叶昔心中疑惑之极,刚刚他的表情很奇怪,虽然看不清楚他的脸,但是从他的眼神当中可以看出,他很愤怒,却一直在压抑,肯定是自己说了什么话刺激到了他。
他刚刚全身紧绷,双眼不停闪烁动,似乎看到了什么可怕的东西,所以逼迫自己闭上眼隔绝那些看到的东西。
叶昔有点怀疑,这红莲教的教主,不会有什么精神方面的疾病吧!但愿她想错了,不然他若是有精神病,武功还这么高强,到时他的病发了,活活折磨自己,那该怎么办?她想想就可怕。她不怕死,但是怕半死不活,生不如死。
白袍男子昏迷后,站在门外的左教主,也就是整天跟在他身后的近身护卫,发觉里面不对劲,敲了很久的门,没有人应,他只好闯了进去。
左教主见他昏倒在小榻上,立刻叫来了教中的大夫,给他诊治。
左教主急冲冲地问,“如何?尊主怎么了?”
那个人三四十岁的样子,下巴出留着几捋胡须,双手摊开,一左一右交叠,放到胸前二十厘米的距离行礼道,“回左教主,尊主心绪不稳,以致练功走火入魔,才会吐血昏迷!”
这左教主慌急地问,“本左教问的是如何救治?快说,不然我杀了你!”他拔出腰间宝剑,指着他恐吓道。
这大夫也是第一次遇到这种情况,尊主武功高强,鲜少用到他们,况且尊主武功特殊,这稍有不慎,就会气血逆流,当场毙命啊!
那个大夫吓得跪下说,“左教主,属下也无能为力,尊主的武功极其特殊,不可随意用药,加之尊主走火入魔,若是强行用药,估计会适得其反。”
左教主气得大骂一句,“废物!”
他急得团团转,这时他想起了什么?立马吩咐,“来人啊!去把北苑的叶昔姑娘请来,要快!”
于是教中教徒跑到了北苑,来到了她的房间。
这时的叶昔正准备换衣睡觉,她的房门却突兀被人给踹开,叶昔被惊了一跳,马上将衣服往上扯了一下,那两个教徒见她正在脱衣服,立刻低下头,转身。
他们可不敢随便对待面前的女子,刚刚不顾一切闯入她的闺房,已经算是冒犯了她,若是在让尊主知道他们两个闯进去,看到了面前的女子正在换衣服,那他们就死定了。
左边的那个教徒说,“叶姑娘,麻烦请姑娘走一趟!”
叶昔背着他们将衣服重新系好,然后问,“何事?”
那个教徒说,“叶姑娘,你就别问了,快跟我们走一趟吧!晚了就来不及了!”
叶昔见他们如此着急,应该是出了大事,跟过去看看也好,反正自己晚上也睡不着,就算睡着了也总做噩梦,就当找个事消遣消遣时间。
叶昔回答,“好吧!跟你们走一趟!”
于是叶昔来了白袍男子的卧室,见到里面站了一大群人,她心道,这么多人在,开茶话会啊!
只见左教主看到她,立马将她拉到了床边,叶昔一看,床上躺着的人,这不是他们的尊主吗?怎么躺在这里,好像他体内的气息极其紊乱,似乎走火入魔啊!
这回她明白自己被人叫来做什么了,感情是让自己医病的。靠!让我救他,他们也不怕我暗中害他。

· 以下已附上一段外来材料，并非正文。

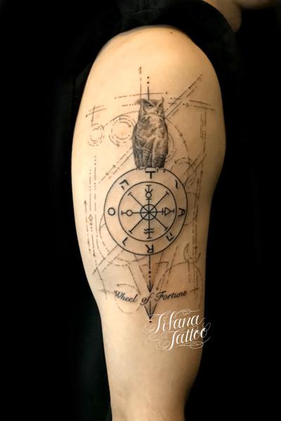 フクロウ|ジオメトリックタトゥー タトゥー 一覧 > Tattoo by AKI 2020.03.19 フクロウ|梟、幾何学模様をひとつのデザインにまとめたジオメトリックタトゥー。所要時間の目安は5時間前後です。 Style メンズ 洋柄 Motif 鳥 図形 Tattoo Tag 幾何学模様 梟、フクロウ Size B5サイズ以上 Body parts 腕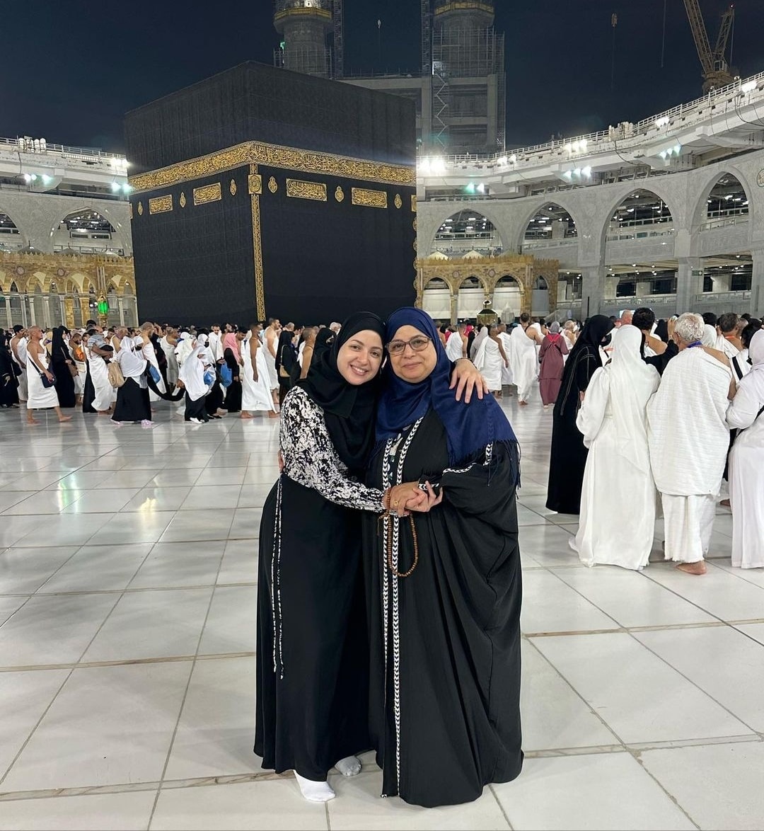 منى فاروق تؤدي مناسك العمرة برفقة والدتها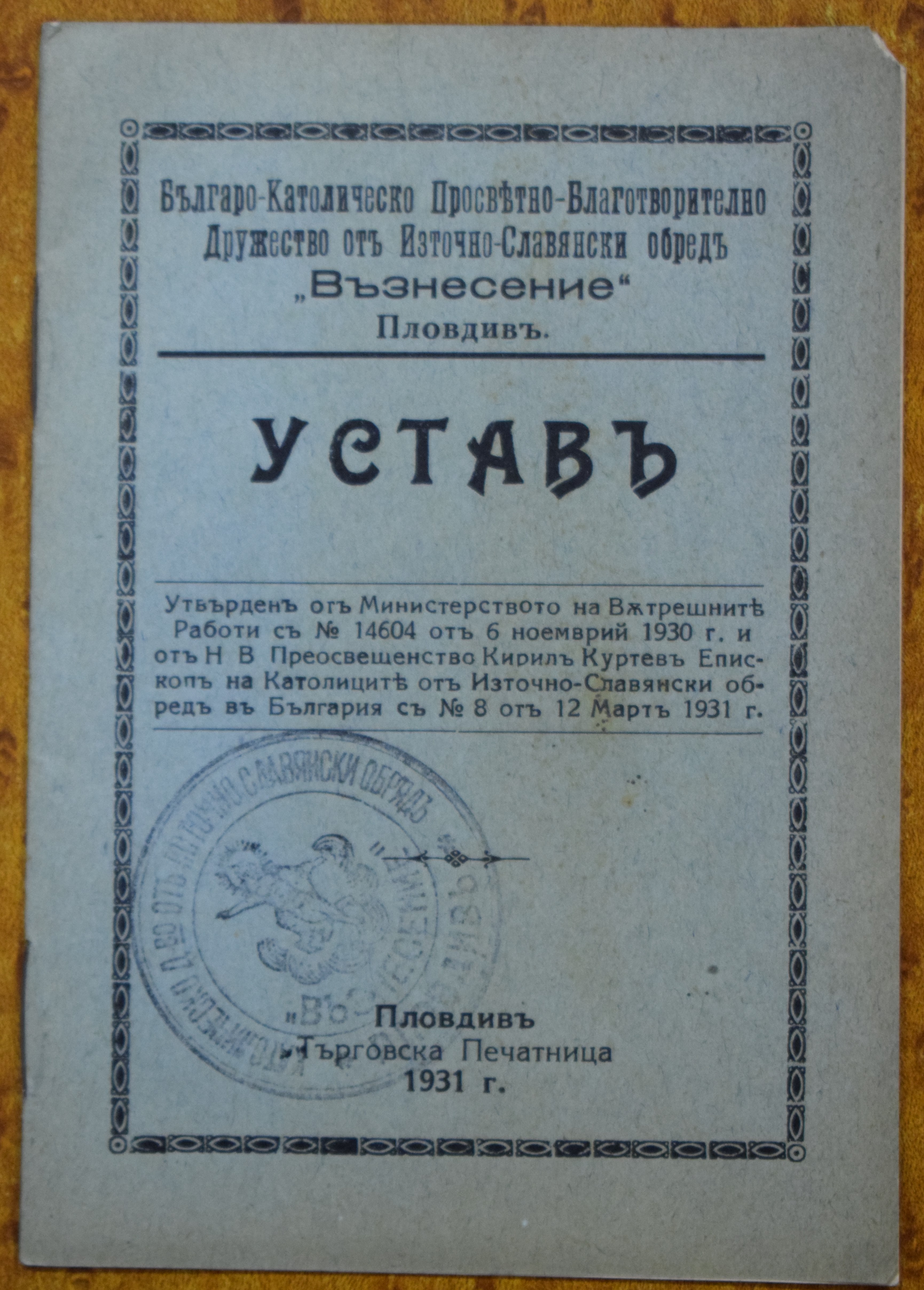 Устав на българо-католическото просветно благотворително дружество отъ източно славянски обред „Възнесение" в гр. Пловдив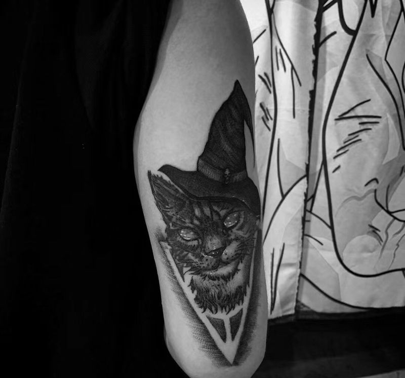 black work纹身图片_腿部手部欧美写实点刺猫蛇全视之眼纹身图案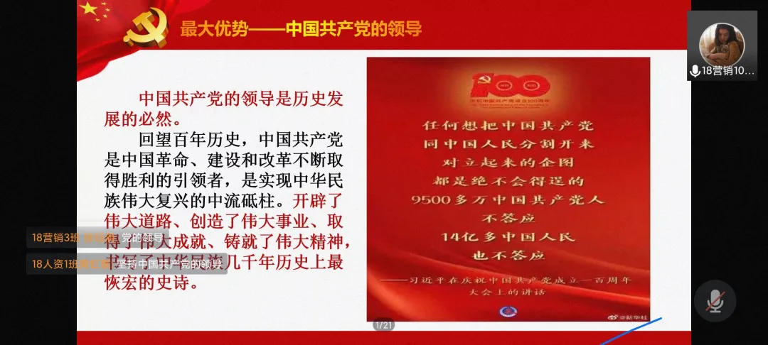 “两个辛丑年”对比,如今的中国早已经不是原来那个中国,在2021年中美高层战略对话中,中方字字铿锵有力,掷地有声,将中国人的志气,中国人的底气,中国人的力量都展现于世界。学生党员们在会议中积极分享了自己对于百年大党的真实感受:回首过去,学习红色精神;展望未来,要一直坚持中国共产党的领导。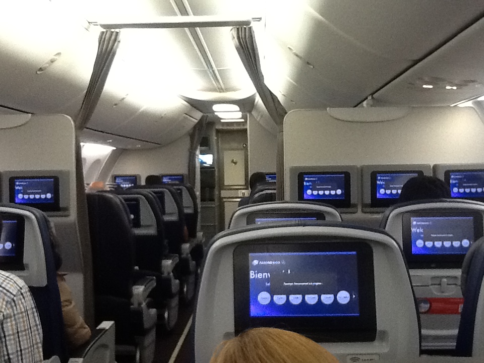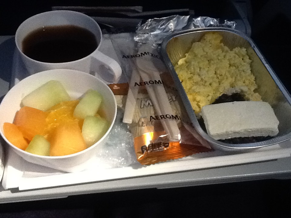 普通の飛行機という感じで、やはりメキシコ人のお客さんが多いのでスペイン語の世界です。5時間弱のフライトでしたけれど、機内食も提供されました。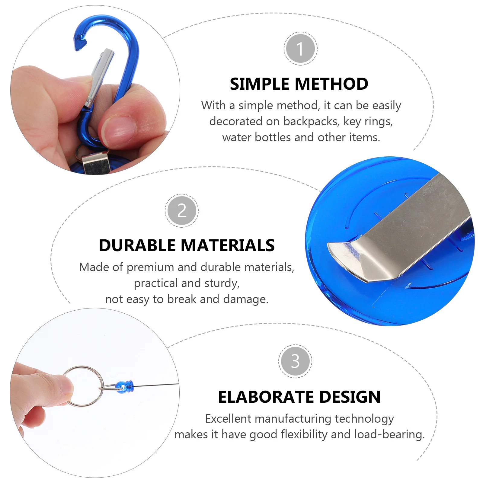 6Pcs Retractable Key Buckles Sturdy Portable Backpack Hanging Buckle Key Reel Rings Anti-Lost Handbag Pulling Buckle
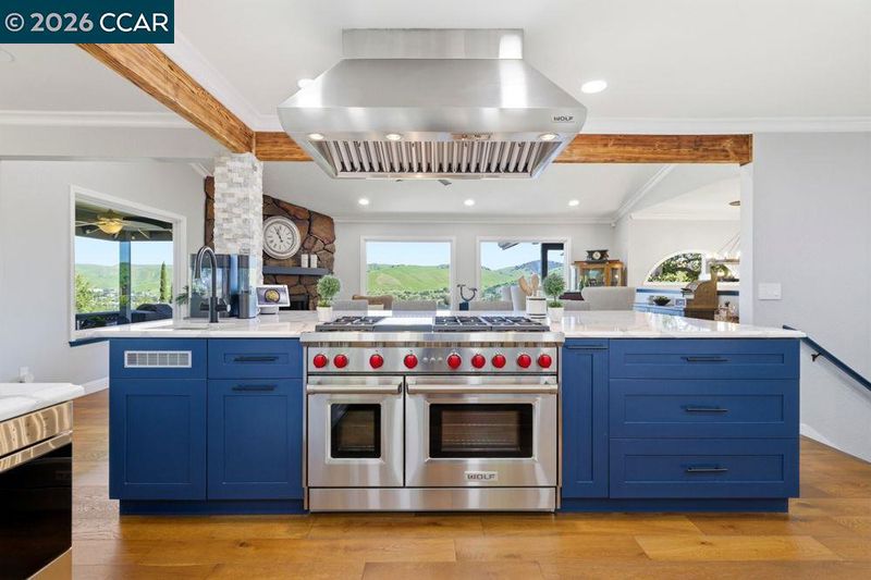 Perched on a private hillside with panoramic Diablo Valley views, this beautifully updated home is set on a .71-acre lot with mature oaks & terraced landscaping. The private driveway enhances the peaceful, tucked-away setting. The remodeled kitchen features premium Wolf appliances, generous counter space & a large island with bar seating, opening to the dining area for everyday living & entertaining. Wood flooring runs throughout the home. The living room features a fireplace & custom built-in cabinetry, while a separate family room with deck access provides space for relaxing or entertaining. Large windows bring in natural light & capture hillside views from nearly every room. Main living areas & bedrooms are located on one level. The primary suite offers direct deck access. The ensuite bath includes dual vanities, soaking tub, separate shower & walk-in closet. Three additional bedrooms share a hall bath & offer flexible space for guests or a home office. Outdoor living includes a spacious covered deck plus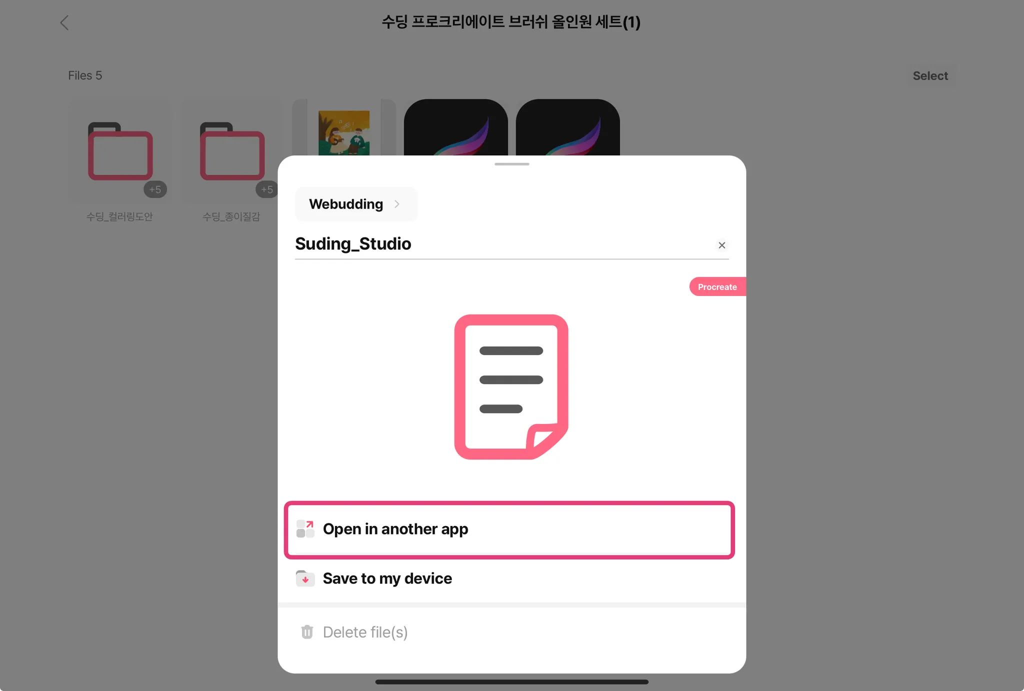 Procreate files use the Procreate app icon as thumbnails. Tap a file you would like to install, tap Open in Another App, then select Procreate.
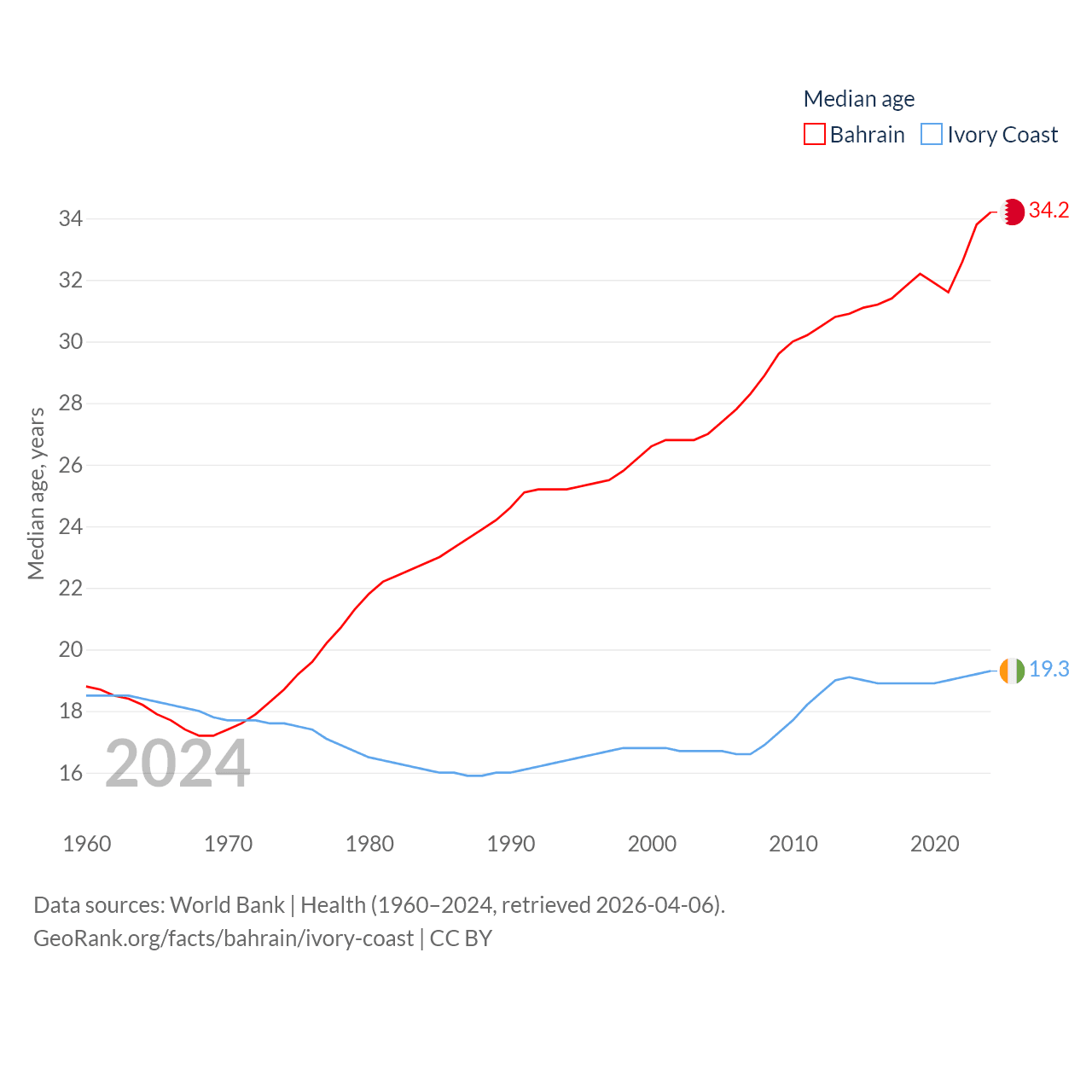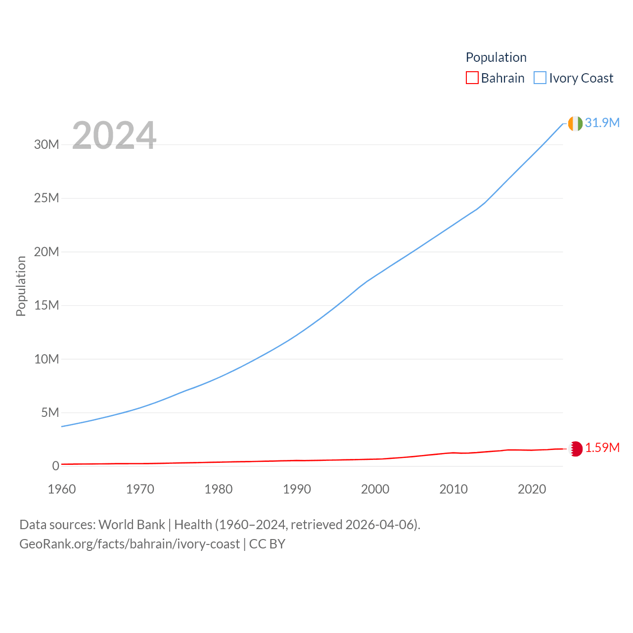 Bahrain has a population of 1.59M (ranked 151/197), compared with 31.9M in Ivory Coast (ranked 50/197). Bahrain's land area is 309 sq mi versus 122,780 sq mi for Ivory Coast (ranked 174th vs. 66th).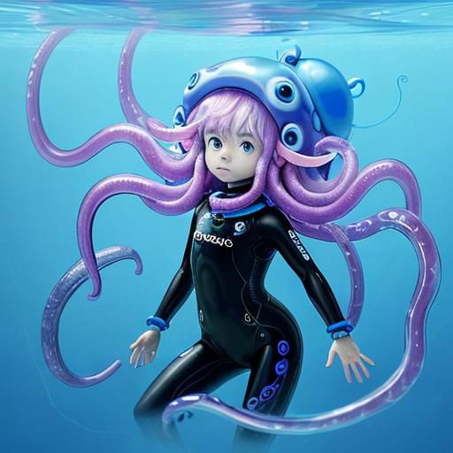 a small, child-like humanoid with a clear and gelatinous looking body made entirely of blue slime, pink alien-like eyes, a giant jellyfish on her head with tentacles that reach down to her back, making it resemble a hat with dreadlock-like hair and she is wearing a black wetsuit with yellow lines.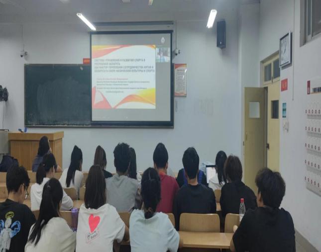 作为白俄罗斯国立体育大学的代表,Kastseyeva Natallia以其丰富的学术和实践经验,为学生们带来了深入浅出的讲解。首先,Kastseyeva Natallia介绍了白俄罗斯的生活常识,以及可能在跨文化环境下遇到的挑战和困境。随后,她着重分析了白俄罗斯体育的现状,并探讨了中白两国在体育领域的交流与合作;最后,她详细讲解了白俄罗斯国立体育大学的管理体系以及学习系统。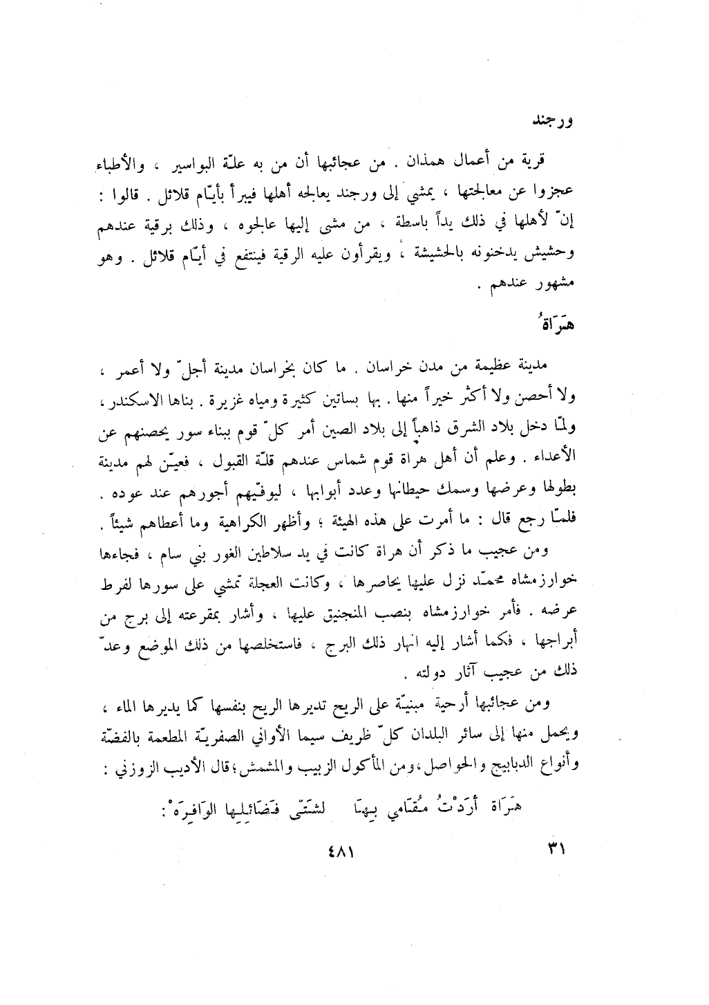 هراة أردت مقامي بها ... لشتّى فضائلها الوافره:

左教主带着面具,语气冷硬,“叶姑娘,还请给尊主治伤,若是姑娘敢暗中做什么?就休怪寒溟无情!”他将手中握着的剑,动了一下,威胁她,若是自己在暗中做手脚,死!
叶昔心底骂了一句,卑鄙!哼!本姑娘从不拿病人开玩笑,这是自己的底线。
叶昔面目气冲冲地说,“哼!我最讨厌别人威胁我,等我治好了他,再找你算账!
还有,你以为我像你们一样,卑鄙无耻吗?本姑娘从不会拿病人开玩笑!”左教主知道她是暗骂他们将她掳来的事。
叶昔吼完了他们,开始给他把脉,发现他不仅是练功走火入魔,他练得武功极其特殊,是纯阳内力,跟沈云澈的内力刚好相悖,沈云澈的内力是纯阴之气两者武功相生相克,有点意思。她想,若是这两个人打起来,估计会非常精彩。
他这走火入魔,不能随意用药,若是现在有沈云澈这样跟他武功相生相克的人在,倒是可以用内力替他疗伤,可是世界上哪有那么多的武功高手。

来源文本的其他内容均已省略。